◆ Requirement
Once the pictures are set aside, transcribe each line of the data exactly.

◆ Dataset content

====================

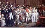 Royal Family. The Speaker of the House of Commons, the Master of the Rolls and the Vice-Chancellor, went in state and were presented on their late appointments. The Austrian Ambassador, the Spanish Ambassador, accompanied by his lady, and the American Plenipotentiary with his lady, severally went in state. Mrs Rush, the wife of the American Minister, was presented to the Queen by Lady Castlereagh. Mr Smith and Mr Taylor, attached to the embassy were presented by his Exellency. The Prince of Hesse-Homberg was presented to the Queen by Lord Stewart, our Ambassador to Vienna, but who is now at home on leave. There were present, the Lord Chancellor and the Regent's cabinet ministers, the Great Officers of State, the Lord Mayor and Lady Mayoress of London, Mr Sheriff Desagne, Mr Sheriff Alderson, the Attorney General, the Solicitor General, the Dean of Windsor, the Dean of Westminster, the Provost of Eton, the Archbishop of Canterbury, the Archbishop of York, the Lord Primate of Ireland &c." (Source: The Times of February 27th 1818) |
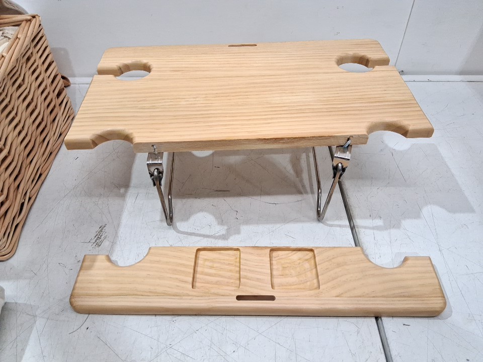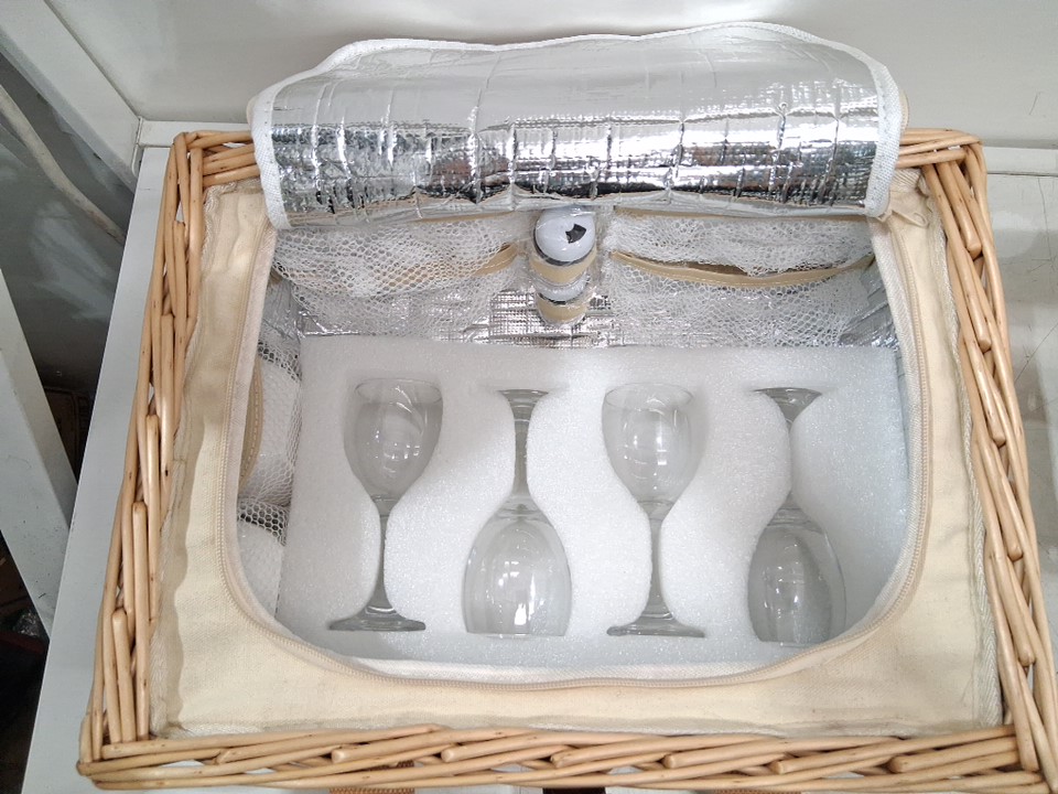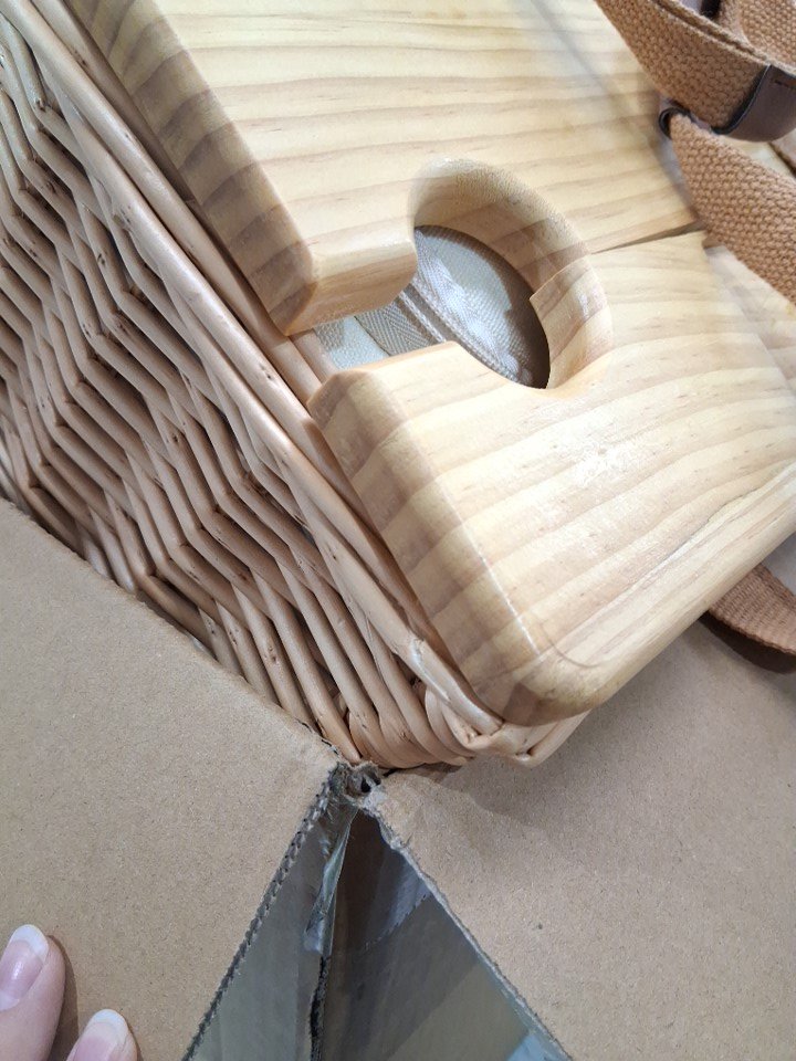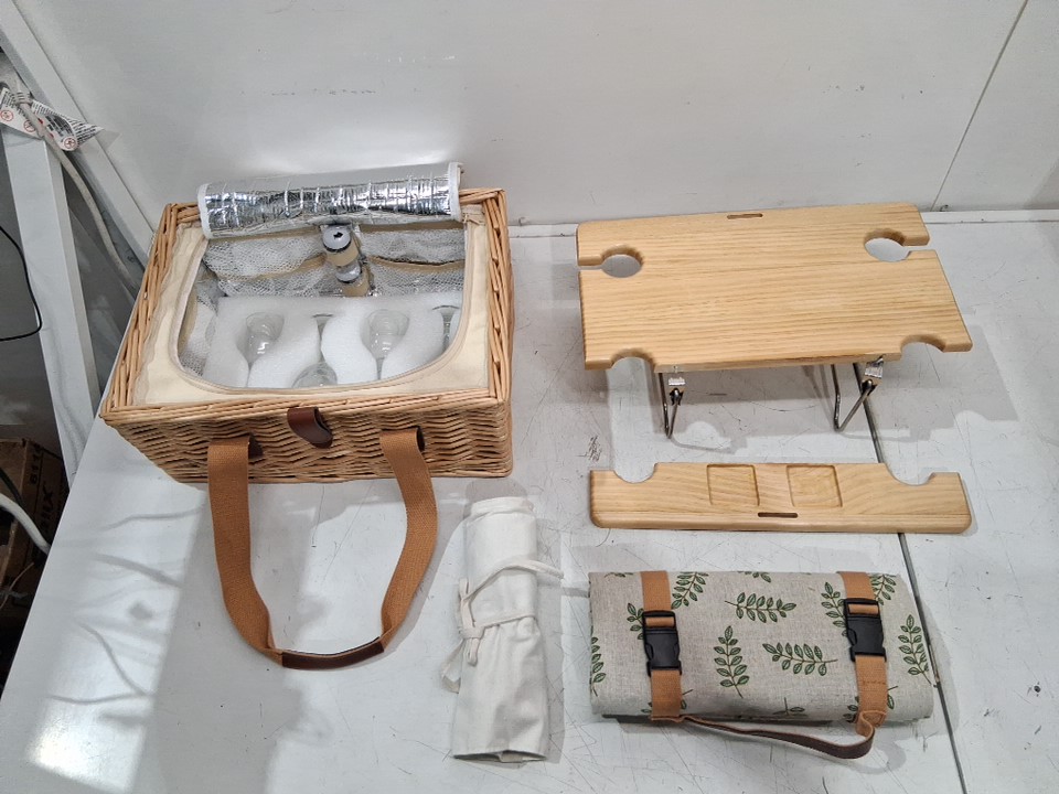 the table is broken and there is a small fracture on the side of the picnic basket - see photos
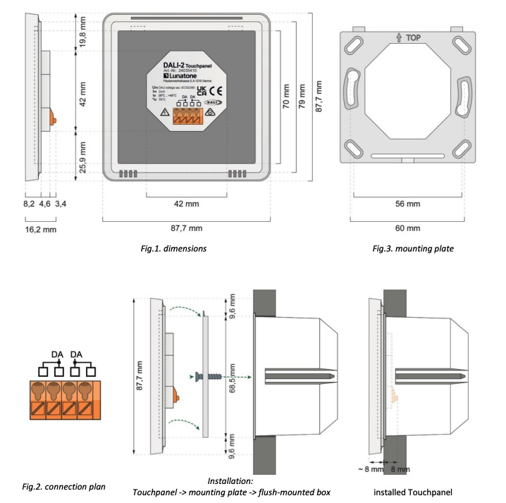 DALI-2 Touchpanel: DIM, 4 Scenes, Tunable White, Sterowanie LUNATONE

====================

◆ Solution for this problem
 Royal Family. The Speaker of the House of Commons, the Master of the Rolls and the Vice-Chancellor, went in state and were presented on their late appointments. The Austrian Ambassador, the Spanish Ambassador, accompanied by his lady, and the American Plenipotentiary with his lady, severally went in state. Mrs Rush, the wife of the American Minister, was presented to the Queen by Lady Castlereagh. Mr Smith and Mr Taylor, attached to the embassy were presented by his Exellency. The Prince of Hesse-Homberg was presented to the Queen by Lord Stewart, our Ambassador to Vienna, but who is now at home on leave. There were present, the Lord Chancellor and the Regent's cabinet ministers, the Great Officers of State, the Lord Mayor and Lady Mayoress of London, Mr Sheriff Desagne, Mr Sheriff Alderson, the Attorney General, the Solicitor General, the Dean of Windsor, the Dean of Westminster, the Provost of Eton, the Archbishop of Canterbury, the Archbishop of York, the Lord Primate of Ireland &c." (Source: The Times of February 27th 1818) |
 the table is broken and there is a small fracture on the side of the picnic basket - see photos
 DALI-2 Touchpanel: DIM, 4 Scenes, Tunable White, Sterowanie LUNATONE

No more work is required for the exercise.